Subject: Re: link() apparently nonatomic
To: None <netbsd-bugs@NetBSD.ORG>
From: Christoph Badura <>
List: netbsd-bugs
Date: 04/19/1996 00:24:00
In hanse-ml.netbsd.bugs you write:
>	We are using a link() based locking routine for use over NFS on our
>web servers running NetBSD . This routine has been failing with multiple
>processes gaining the lock simultaniously.

This is normal and happens AFAIK on all UNIX versions.

>It is somewhat more
>difficult to reproduce running the perl script while logged into the
>same machine.

That shouldn't happen, if your program is correct.  But since at least
the C routines are full of race conditions and false assumptions...

Anyway, the mail user agent guys have discussed this to death years
ago and haven't been able to find a way to relibably do file based
locking over NFS.

>time_t nfslock(path, namelock, max_age, notify)

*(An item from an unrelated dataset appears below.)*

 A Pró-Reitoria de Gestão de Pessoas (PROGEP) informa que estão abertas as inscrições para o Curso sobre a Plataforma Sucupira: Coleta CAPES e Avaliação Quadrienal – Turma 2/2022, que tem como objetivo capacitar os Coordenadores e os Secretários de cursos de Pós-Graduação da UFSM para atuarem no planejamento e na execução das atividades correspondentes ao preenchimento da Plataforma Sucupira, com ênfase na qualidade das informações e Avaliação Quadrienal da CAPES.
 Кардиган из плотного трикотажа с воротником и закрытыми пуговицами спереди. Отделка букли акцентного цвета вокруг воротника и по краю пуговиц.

>  if (getuid()==0) {	/* we're root, so be careful! */

No, if geteuid()==0 you are root.  That's the important test.

>    if (fstat(tmpfd, &our_tmp) < 0) {	/* stat failed... shouldn't happen */
>      close(tmpfd);
>      unlink(tpath);

If fstat fails on an open fd, it's argueably highly unsafe to unlink
that file.  How could you be sure that you are unlinking the file that
belongs to tmpfd?

>    if (link(tpath, fullpath) == 0) {
>      unlink(tpath); /* got it! */
>      free(tpath);

>      close(tmpfd);
>      if (lstat(fullpath, &our_tmp) < 0) {	/* stat failed... shouldn't happen */

Quite the contrary, this could happen quite easily.

>      return(our_tmp.st_ctime);
>    }

This contains a race condition.  Since fullpath is a link to
tpath, you should just fstat() tmpfd to get the ctime.

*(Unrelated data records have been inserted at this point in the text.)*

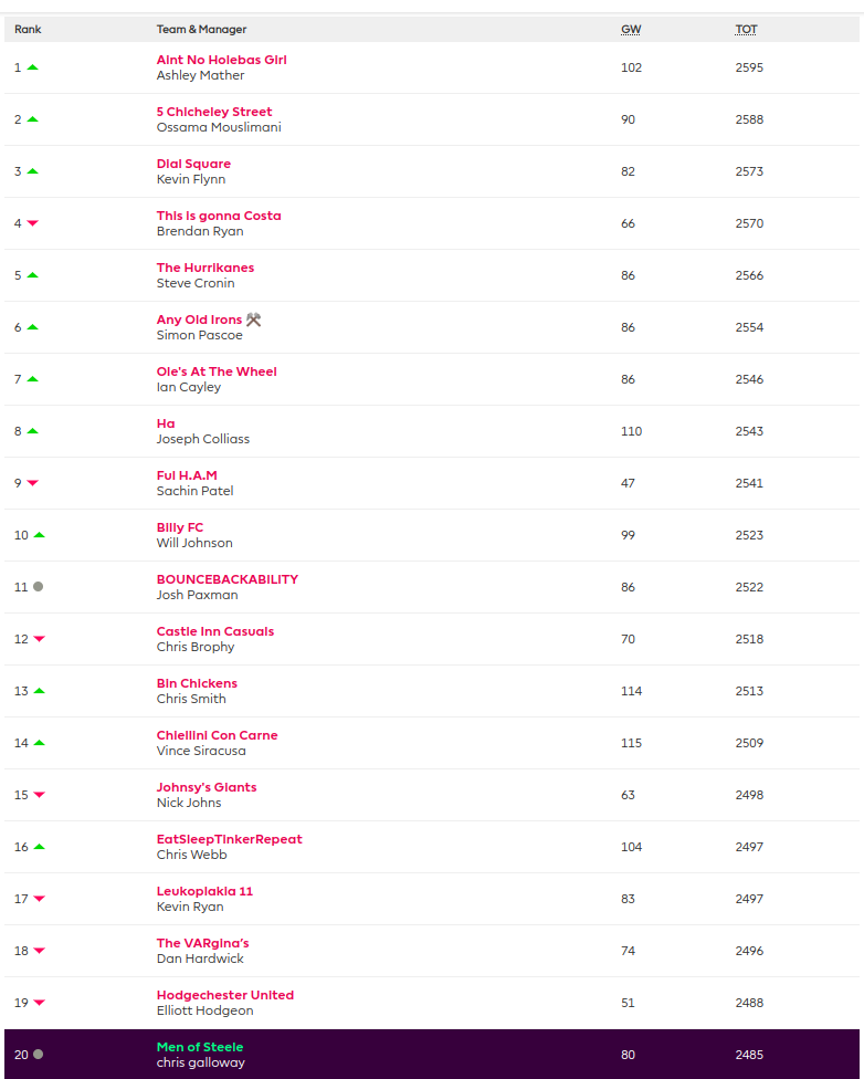 Top scorer in the league this week was Iain Sanderson (50th) with 121 points which is exactly the sort of score we were all dreaming of pre deadline. James Amar (89th) pushed him close with 118. Remember there is a prize for best GW score in GW38, on top of the season bet GW prizes.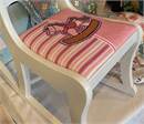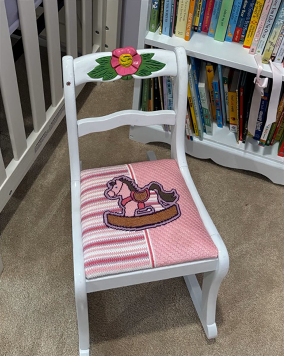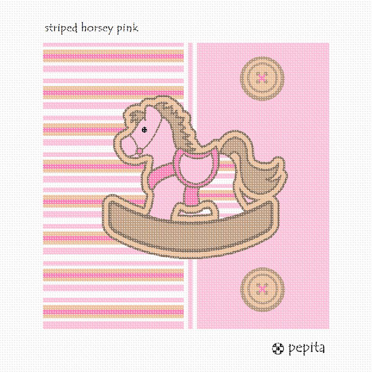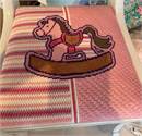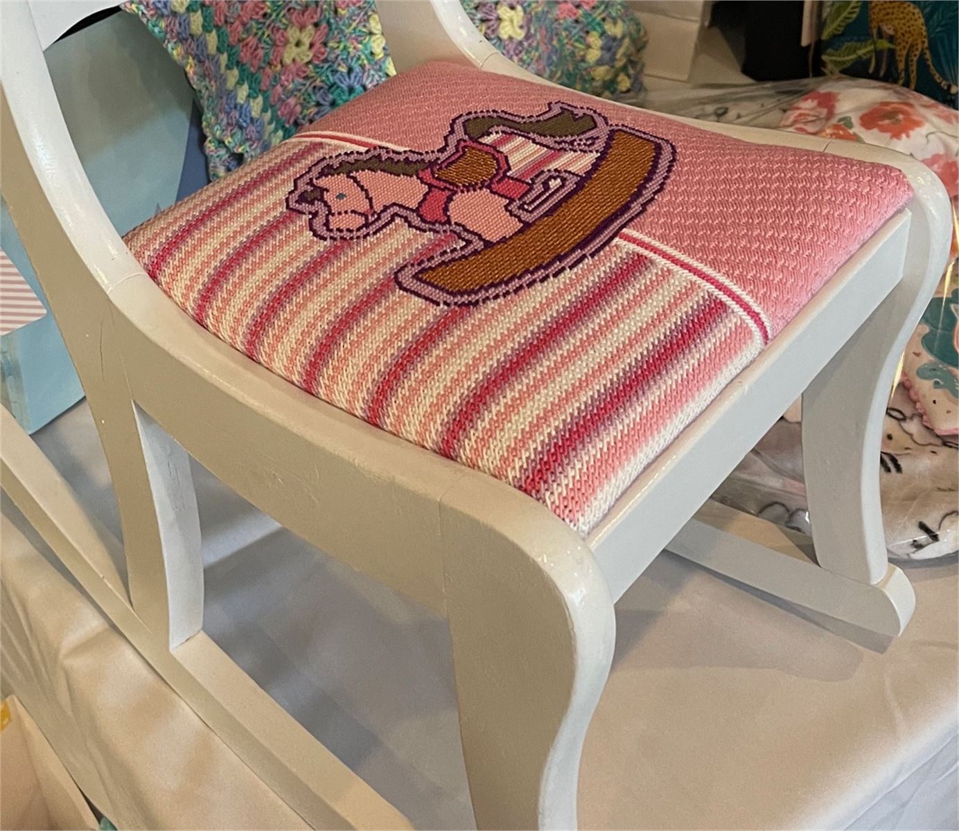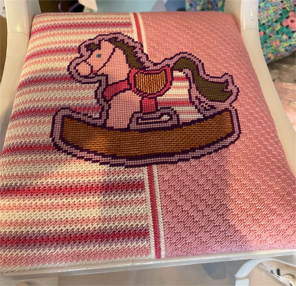 Soft pastel blue and brown stripes on one side - solid blue and cute buttons on the other side - and the sweetest rocking horse smack in the middle. When this piece is done you'll almost want to try it on.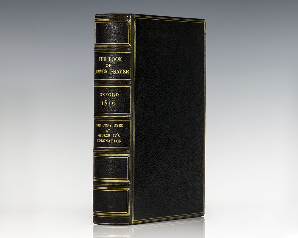 Royal Coronation edition of The Book of Common Prayer and Administration of the Sacraments used at the Coronation of King George IV on July 19th, 1821. Quarto, bound in full dark blue velvet, gilt arms of George IV to both front and rear panels, all edges gilt, housed in a custom locking full morocco clamshell box. From the library of American banker Mortimer L. Schiff, whose renowned collection of fine bindings was sold by Sotheby's in 1938, with his gilt leather bookplate on the front free endpaper. Laid in is a printed copy of Martin Luther's Hymn used in the Coronation ceremony. In very good condition in an excellent clamshell box. An exceptional piece of history from one of the most extravagant events of the Regency era.

>    oldlck = lstat(fullpath, &old_stat);

>    if (write(tmpfd, "\0", 1) != 1 || fstat(tmpfd, &our_tmp) < 0)
>      break; /* something bogus is going on */

Testing for conditions that basically can't happen while at the same
time depending that you can make long sequences of system calls *and*
keep your timeslice -- even under heavy load--, is indeed bogus.

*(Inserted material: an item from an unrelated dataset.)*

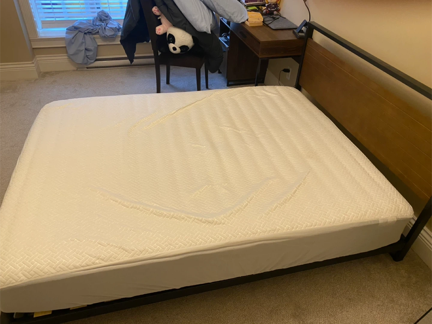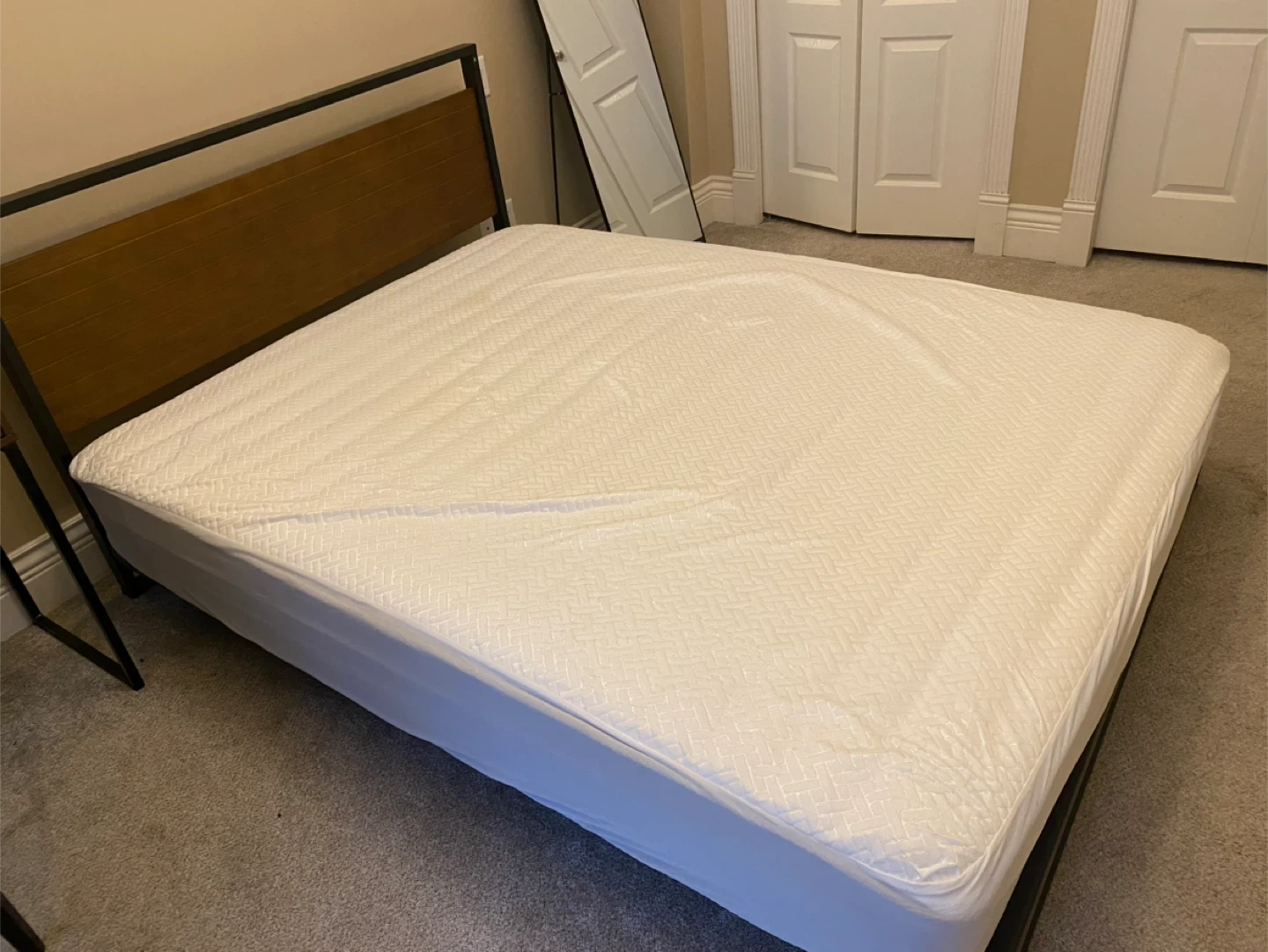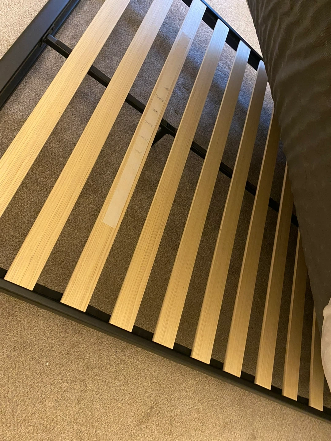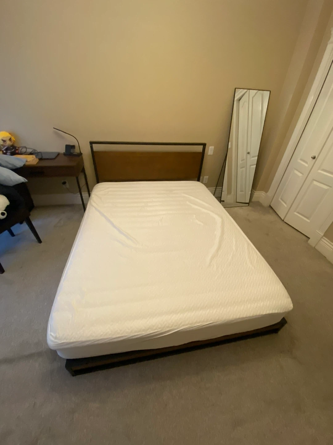 Selling a queen size bed frame. It's made of metal and bamboo, and it's in great shape. Dimensions are 80.00 x 59.50 x 14.00 inches. It's a sturdy and stylish bed frame that's easy to assemble.

The write is very likely only local and not yet committed on too the
server, so it won't fail.  The fstat could come from the local
attribute cache as well.

>    if (oldlck != -1 && old_stat.st_ctime + max_age < our_tmp.st_ctime) {
>      unlink(fullpath); /* break the stale lock */
>      if (notify) fprintf(stderr,"Breaking stale lock on %s.\n",fullpath);

Reporting after the fact that you are about to do it, isn't helpful

Christoph Badura

You don't need to quote my .signature.  Everyone has seen it by now.
Besides, it doesn't add anything to the current thread.